Jamie Burke, the Outlier Ventures CEO say venture capitalists are alive to the potential of blockchain technology significantly impacting the modern digital age. According to Burke:
“There is a huge experimentation in effectively the basic plumbing for a native economic layer to the web.”
Tokenization is the Future
The belief that tokenization is going to be a major component of the emerging digital economy is one of the driving forces of this investment trend. Commenting on the matter, Anton Ruddenklau, the co-head of the global fintech division of KPMG declared:
“People are really enamored by tokenization – the ability to produce coins or other forms of value – so that’s where we see all of the action at the moment. They are investing as a technological hedge as much as anything.”
While putting this much equity stakes in crypto startups, institutional investors have generally shied away from holding direct investments in cryptocurrencies. Many stakeholders say a reversal in this trend is necessary for virtual currencies becoming more mainstream.
However, before many institutions will become comfortable holding crypto bags, regulations for the industry will have to become more robust. Since 2018, some jurisdictions like Japan and Thailand have begun to firm up laws that control the cryptocurrency market in their respective companies.
While VC funding for cryptocurrency startups continues to grow, the same cannot be said for initial coin offerings (ICOs).

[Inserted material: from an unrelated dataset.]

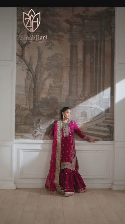 Elevate your formal wardrobe with this exquisite ZainabHani luxury formal ensemble, crafted to reflect timeless elegance and refined craftsmanship. Designed in a rich deep maroon tone, this outfit is perfect for weddings, festive occasions, and formal gatherings.
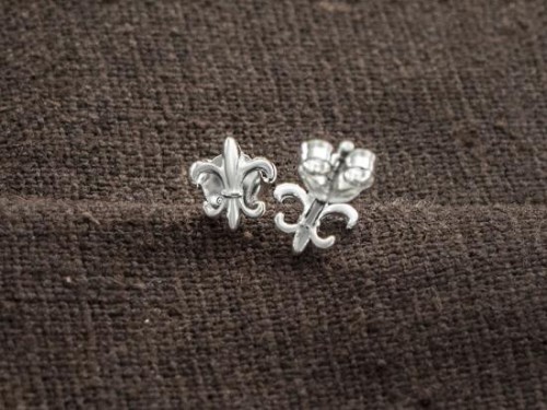 1 pair of 925 Sterling Silver Fleur de lis Stud Earrings 6x7mm. Polished Finish

Since the middle of 2018, ICO fundraising has been on the decline.
Coinbase $520 Million Revenue in 2018
Going by the huge investment figures, there is the question of whether these investments have the potential to yield positive results. Coinbase, the San Francisco-based cryptocurrency exchange behemoth is one of the most heavily invested cryptocurrency startup.
Valued at about $8 billion, the UK division of the company recently reported $173 million in total revenue from 2018. This figure marks a 20 percent increase from the earnings reported in 2017.
According to Zeeshan Feroz, the head of the company’s U.K. division, Coinbase UK accounts for about 30 percent of the entire company revenue. Extrapolating further puts the total annual revenue for Coinbase in 2018 at $520 million.
These earnings become even more staggering considering the prolonged bear market of 2018. Throughout the year, cryptocurrency prices continued to hemorrhage, sliding by more than 80 percent across the board.